El riesgo de pensar en un mundo políticamente correcto
La toma de la universidad y los medios por una atmósfera de pensamiento único no supone un problema accidental, sino la muerte de las humanidades
Opinar siempre es arriesgar una conjetura más o menos plausible. La antigüedad opuso conocimiento a opinión, no tanto como términos simplemente antagónicos, sino como fases de un mismo proceso que, partiendo de un estado precario, culminaría idealmente en una verdad perenne como el bronce. El que manifiesta una opinión no formula un conocimiento, se arriesga al error y se expone a la crítica y la oposición de una opinión contraria. Solo desbordando la opinión para desarrollar un conocimiento estricto podría superarse ese riesgo.
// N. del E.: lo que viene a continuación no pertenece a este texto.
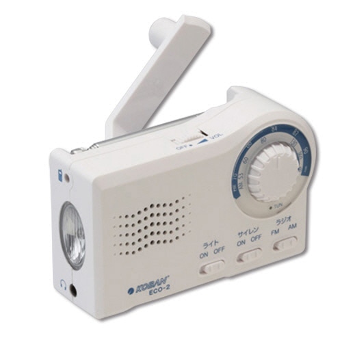 | 商品仕様 | ●寸法/W104×D46×H66mm ●質量/182g ●電源/単4乾電池×2本(別売)または手回し充電 ●電池持続時間/ラジオ:約15分(1分間手回し充電)・約40時間(乾電池)、ライト:約10分(1分間手回し充電)・約19時間(乾電池) ●その他仕様/●スーパーキャパシタ、AM/FMラジオ対応、携帯電話・スマートフォンに充電可能 ●備考/※重量は乾電池別。 ※スマートフォンに充電する場合、スマートフォンに付属している充電ケーブルが必要となります。 ※一部の機種には対応しておりません。 |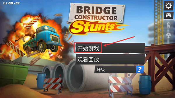 1、進(jìn)入【BRIDGE-CONSTRUCTOR-Stunts】后,點(diǎn)擊【開始游戲】進(jìn)入關(guān)卡。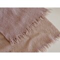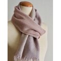 ベージュグレー(ピンクより)のアルパカをベースに淡いピンクとイエローのカシミヤ糸を合わせた手織りの薄手マフラーです。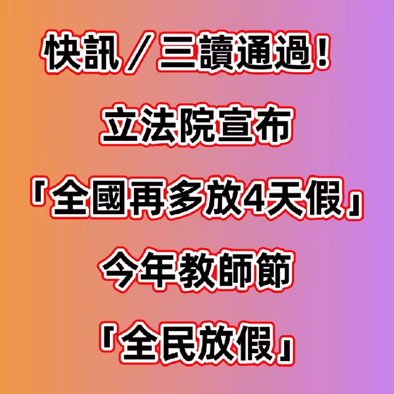 快訊/三讀通過!立法院宣布「全國再多放4天假」 今年教師節「全民放假」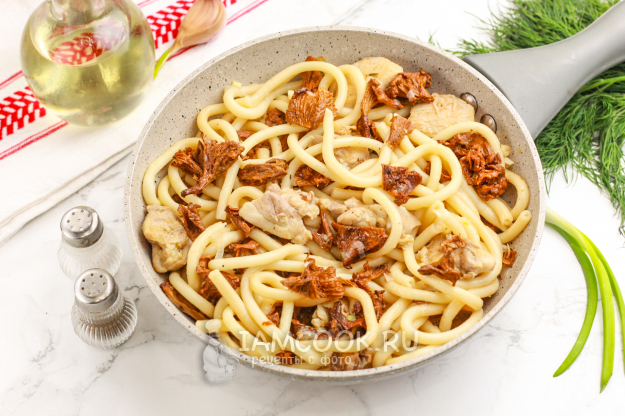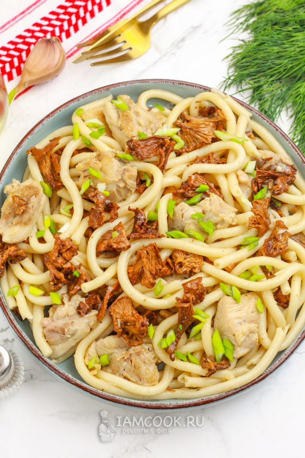 Выложите пасту с лисичками и курицей на тарелки. Промойте и измельчите зеленый лук, любую другую свежую зелень и присыпьте сверху. Подавайте с любым соусом.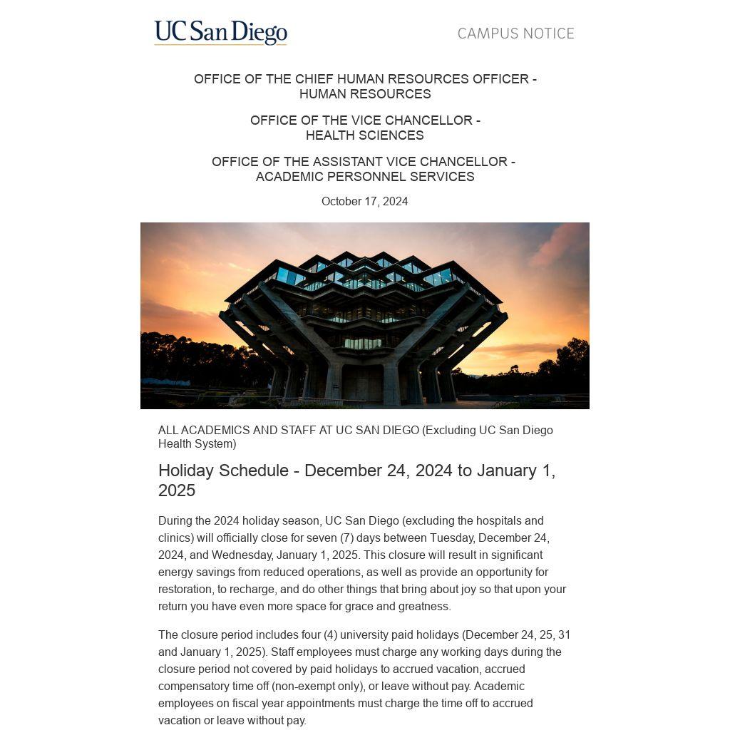 During the 2024 holiday season, UC San Diego (excluding the hospitals and clinics) will officially close for seven (7) days between Tuesday, December 24, 2024, and Wednesday, January 1, 2025. This closure will result in significant energy savings from reduced operations, as well as provide an opportunity for restoration, to recharge, and do other things that bring about joy so that upon your return you have even more space for grace and greatness.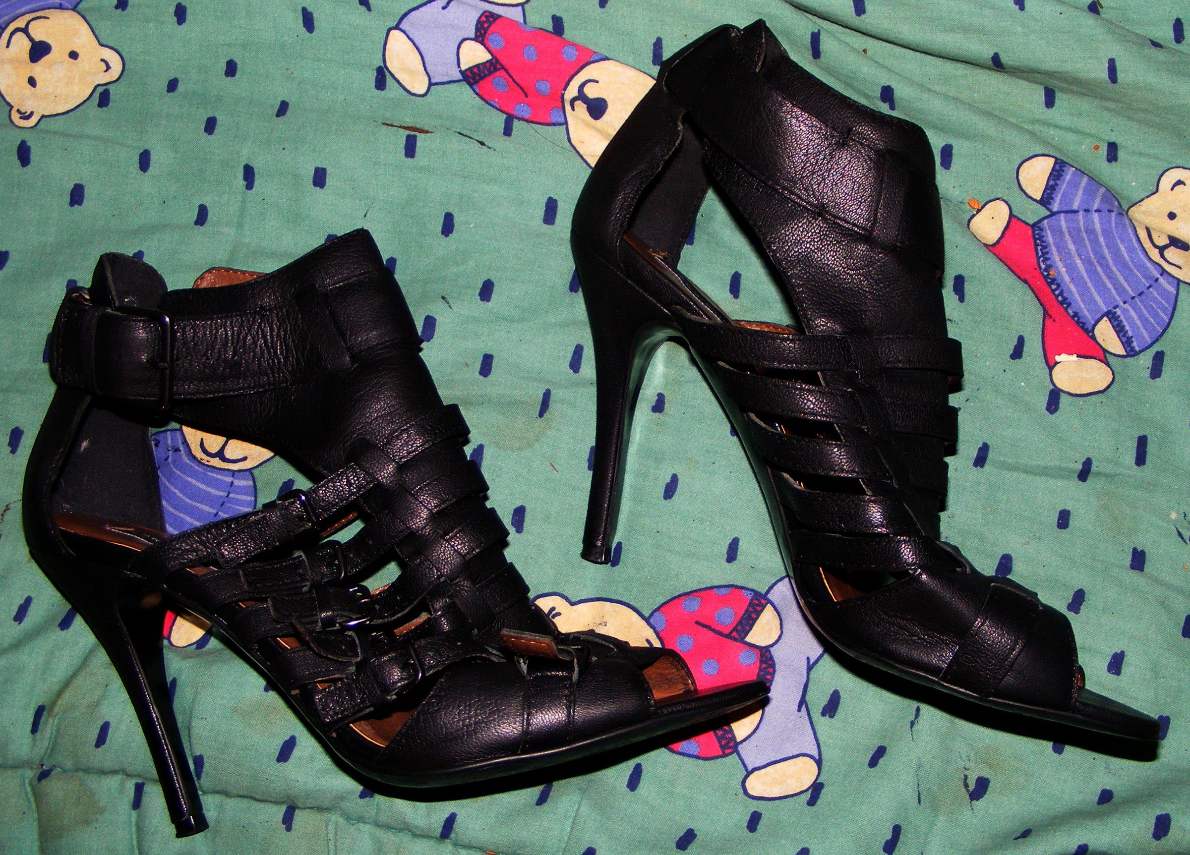 Nun, ich bin ja bekanntermaßen keine "Sandalenfreundin" - aber, da gibt´s von Zara so richtig erregende Echtlederteile, daß mein Mann beim Anblick an meinen Füßen ganz gewaltig ins Sabbern kommt. Das sind z.B. meine "gequälten Hausschuhe". Da ist reichlich "Mundspielzeug" dran!

Una cuestión epistemológica de evidentes corolarios de carácter político y moral estriba en determinar la posibilidad de un conocimiento estricto en materia antropológica. Las ciencias llamadas sociales y humanas constituyen, para unos, ciencias estrictas, para otros solo son ciencias por analogía, para terceros son formas de saber de ningún modo semejantes a las ciencias físico-matemáticas o ciencias por antonomasia. Parecen evidentes los compromisos políticos de toda teoría de las ciencias en la medida en que allí se fija la distancia entre conocimiento estricto y opinión plausible.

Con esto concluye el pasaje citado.